Ambassador of New Zealand to Japan
- In office 1972–1976
- Preceded by: Hunter Wade
- Succeeded by: Rod Miller

Personal details
- Born: Thomas Cedric Larkin 17 November 1917 Wellington, New Zealand
- Died: 17 August 2021 (aged 103) Wellington, New Zealand
- Spouse: Sarah Marianne Williams ​ ​(m. 1970; died 2018)​
- Relatives: Tom Larkin (son)
- Education: New Plymouth Boys' High School
- Alma mater: Victoria University College

= Tom Larkin (diplomat) =

New Zealand diplomat and public servant (1917–2021)

Thomas Cedric Larkin (17 November 1917 – 17 August 2021) was a New Zealand public servant and diplomat, serving as New Zealand ambassador to Japan between 1972 and 1976. He also played representative cricket for Taranaki in the 1930s.

==Early life and family==
Born in Wellington on 17 November 1917, Larkin was the son of Herbert James Larkin and Irene Mary O'Connor.
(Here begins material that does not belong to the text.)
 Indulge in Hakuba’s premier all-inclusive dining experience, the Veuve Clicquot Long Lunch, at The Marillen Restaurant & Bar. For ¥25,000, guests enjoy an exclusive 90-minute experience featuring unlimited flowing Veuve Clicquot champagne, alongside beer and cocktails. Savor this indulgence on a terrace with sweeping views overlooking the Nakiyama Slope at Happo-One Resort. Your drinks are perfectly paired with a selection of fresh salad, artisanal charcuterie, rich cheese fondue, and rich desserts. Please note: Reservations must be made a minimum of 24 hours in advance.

He was educated at New Plymouth Boys' High School, and went on to study at Victoria University College, graduating Master of Arts with second-class honours in 1940. While at Victoria, Larkin represented the university at rugby union.

Between 1941 and 1945, Larkin served in the Royal New Zealand Naval Volunteer Reserve.
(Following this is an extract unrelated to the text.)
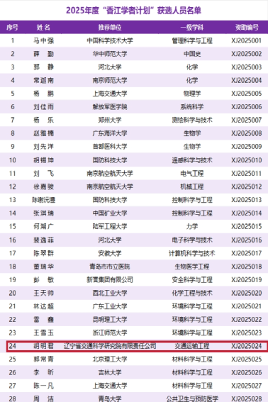 近日,由科研院博士后科研工作站主导,联合大连理工大学博士后流动站共同培养的博士后胡明君成功入选2025年度“香江学者计划”。作为全国交通运输工程一级学科领域该年度唯一获此殊荣的博士后,胡明君的成功入选彰显了公司人才培养工作成效与实力。
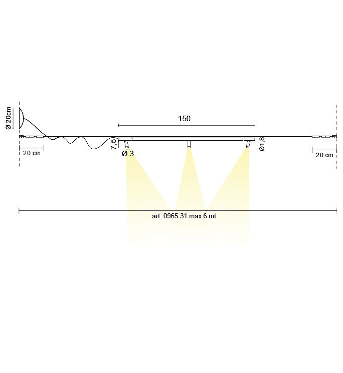 Подвесной светильник прямого света, передвижной на стальном тросе, с алюминиевым корпусом, тремя регулируемыми мини-прожекторами со встроенным светодиодным источником с CRI>90, оптической апертурой 48° и потолочной розой со встроенным драйвером для включения/выключения.

On 28 November 1970, Larkin married Sarah Marianne Williams. Their three children include the musician Tom Larkin.

==Cricket==
A left-hand batsman and right-arm medium-pace bowler, Larkin played Hawke Cup cricket for Taranaki between 1934 and 1939. While playing for the New Plymouth Boys' High School 1st XI in 1936, Larkin and Martin Donnelly shared a record partnership of 234 that stood until 1965.
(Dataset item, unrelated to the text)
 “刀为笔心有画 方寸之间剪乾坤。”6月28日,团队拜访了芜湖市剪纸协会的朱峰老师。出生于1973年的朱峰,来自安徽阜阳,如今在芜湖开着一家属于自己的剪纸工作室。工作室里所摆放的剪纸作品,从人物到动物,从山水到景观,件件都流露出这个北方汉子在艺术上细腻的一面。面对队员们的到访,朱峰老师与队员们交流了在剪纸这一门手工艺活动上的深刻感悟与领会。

As an 18-year-old, Larkin played for Taranaki in their two-day match against the touring MCC team, scoring six and four runs, respectively, in his two innings, and bowling two overs without success. In 1946, he represented Wellington, but did not appear in any first-class matches. He also played for the New Zealand Universities team while he was a student at Victoria University College, and was awarded a cricket blue.

==Career==
Larkin joined the Department of External Affairs in 1946. In 1953, he served as official secretary at the New Zealand High Commission in Canberra, and was the New Zealand ambassador to Japan from 1972 to 1976. The remainder of his career was spent based in Wellington. He was a New Zealand delegate to the United Nations General Assembly in 1948–1949, 1952, 1956–1958, and 1968, and attended the Suez Canal Conference in 1956.

Particularly interested in Asian and Japanese affairs, Larkin wrote books on the subject, including New Zealand and Japan in the post-war world, published in 1969, and Japan today (1983).

==Later life and death==
In the 2008 Queen's Birthday Honours, Larkin was appointed an Officer of the New Zealand Order of Merit, for services to New Zealand–Japan relations. He was also awarded the Grand Cordon of the Order of the Rising Sun.

Larkin was predeceased by his wife, Sarah, in 2018. He died in Wellington on 17 August 2021, aged 103.